I know the feeling i am 72 and still feel i am being looked at if i go out in my mac, and it is 60 years of dressing. A few ex lady friends used to wear macs and bots which always excited me. In fact i have never been able to get excited if not in something plastic, and still like to dress at my age in my pvc maid uniform, but as soon as i mess i want to get changed, curtsy from jenny
JellyMan
Posts: 1112
Joined: June 23rd, 2019, 6:47 pm
Location: South of England

Re: Rainwear Denial

Post by JellyMan »

Interesting comments. Personally I have never wanted to be humiliated, nor humiliate anyone else. Having said that I do get a thrill when my wife sees me wearing plastic, so maybe it’s just that I have never had anyone else see me dressed that way. The idea of being caught when younger filled me with dread, and on a small number of occasions I was discovered. I prefer clear plastic than solid colour, so maybe that is a nod to humiliation.

JM
Rainworshipper
Posts: 470
Joined: September 29th, 2015, 6:39 pm
Location: Cornwall

Re: Rainwear Denial

Post by Rainworshipper »

For me it is also the case that I do not want to be humiliated or do that to other people. I think that a lot of the feelings of guilt etc., that we have date back to our childhood and teenage years when we have to be seen to fit in with what is deemed to be fashionable or *cool*. To have a secret fetish that you feel marks you down as radically different from others your own age will tend to produce feelings of guilt or shame. As I have got older I tend to care less about what people think as long as I am not doing anything that would frighten or offend others.
reversiblepete
Posts: 160
Joined: September 6th, 2011, 12:40 am

Re: Rainwear Denial

Post by reversiblepete »

Post nut clarity is a real thing jellyman, often associated with finishing to strange porn when you've gone down that rabbit hole.

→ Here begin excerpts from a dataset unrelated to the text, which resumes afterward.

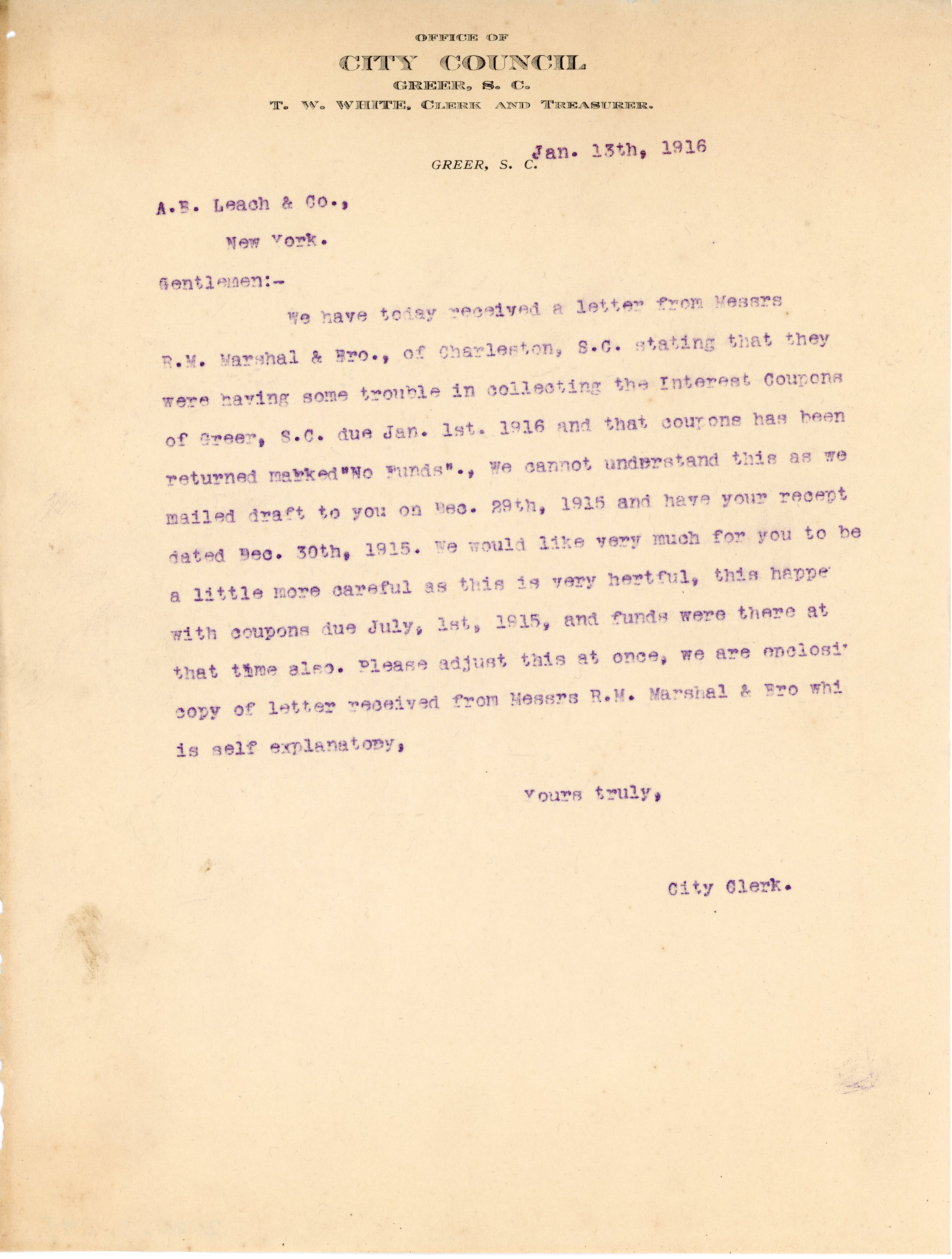 - Letter 13 January 1916 T.W. White to A. B. Leach & Co.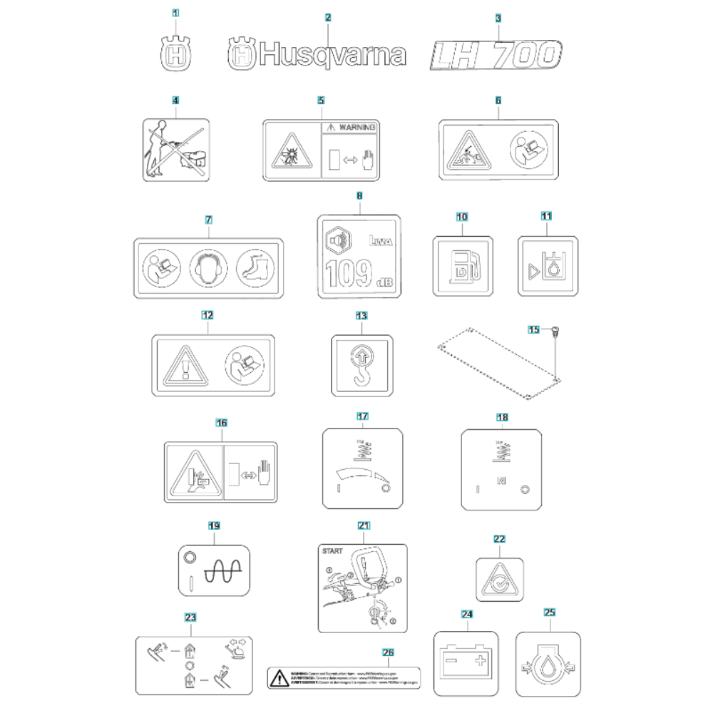 Decals for the Husqvarna LH 700 Reversible Compactor are essential for maintaining the machine's appearance and ensuring safety instructions are visible. These genuine Husqvarna parts are designed to fit perfectly, providing clear and durable labels for operational guidance and branding. Available in various styles to suit different needs.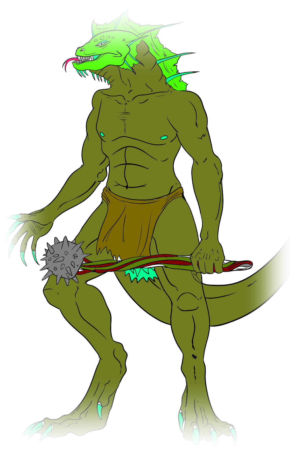 But of course, things can't be that simple, right? We can't just spend the morning in the bog collecting some froglings organs. No. No, a pair of lizardmen, who just might have been on their way to confer with their erstwhile frogling allies, have spotted you. And clearly, these lizardmen have seen the cut-open bodies of those small, no-longer-jumping amphibious ne'er-do-wells. They draw up just long enough to cast spears at about thirty feet distance, and are already charging forward even before those projectiles find or miss their marks.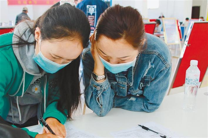 圖為應(yīng)聘者在填寫報(bào)名表。記者 段敏 攝
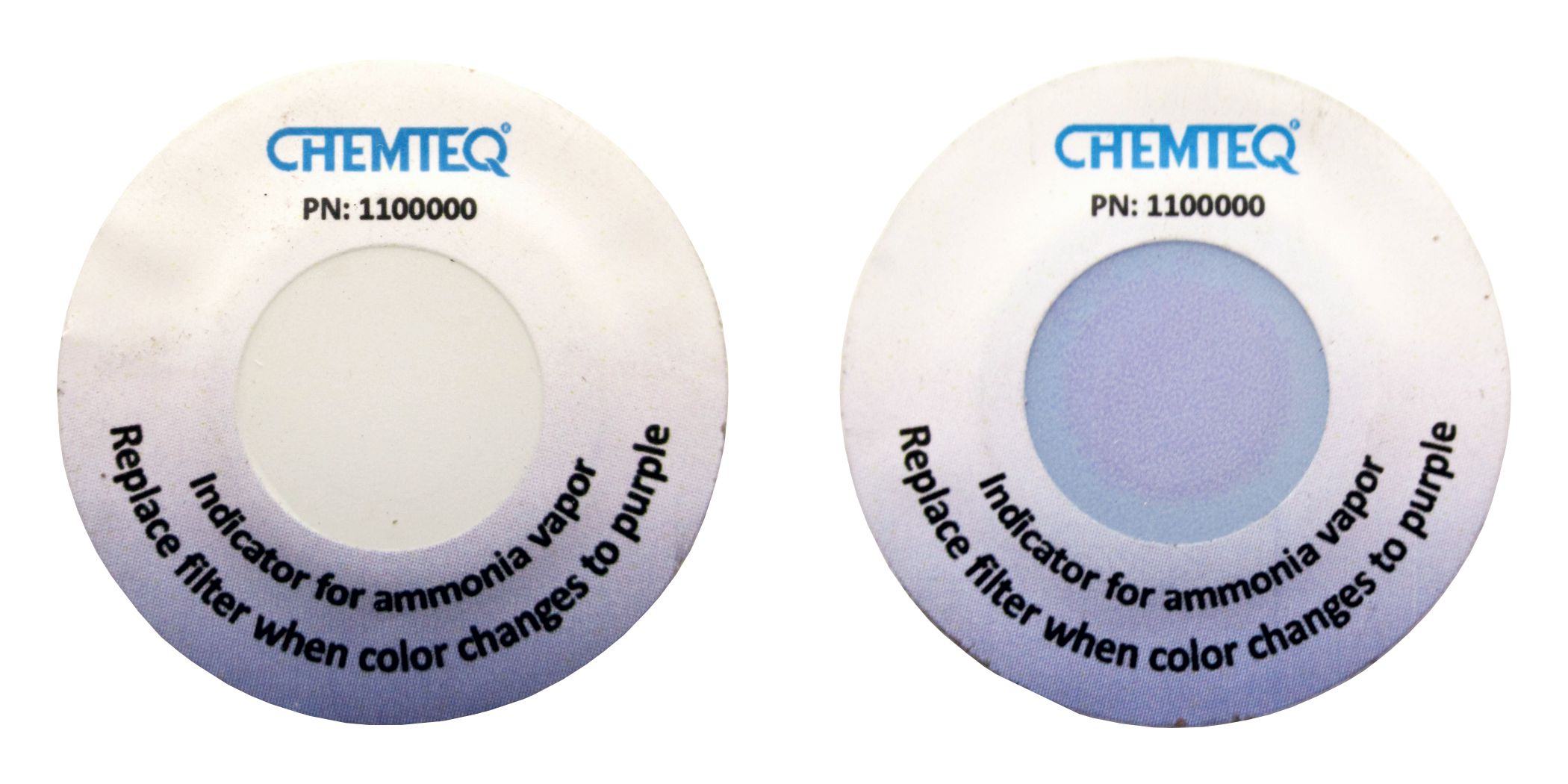Ammonia Filter Breakthrough-Indicator Sticker ? BTIS – PN 1100000. Filter change indicator for ductless hood and fume extractors filters. Unique design of the indicator prevents any color change due to exposure to contaminants in the surrounding environment and changes color only when filter is saturated. Protects from espouser to toxic chemical and allow you to get the most use of your filter.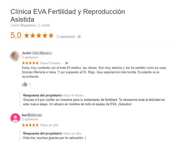 Opiniones de clínica EVA Lleida

Until recently I shared that shame/guilt feeling about wearing items out. I wear rainwear daily now rain or shine and its not a problem, reality is no one really cares although I still can't bring myself to wear shiny gear out but that's more cause the county I live in you can't go out without bumping in to someone you know.

The only shame/guilt I still feel is when we switch and I'm in a sub mood. It can be very hard to ask for strange sexual requests and the post nut clarity after that can be a hard one to deal with. Although that can be a additive to the fun when combined with chastity and cbt.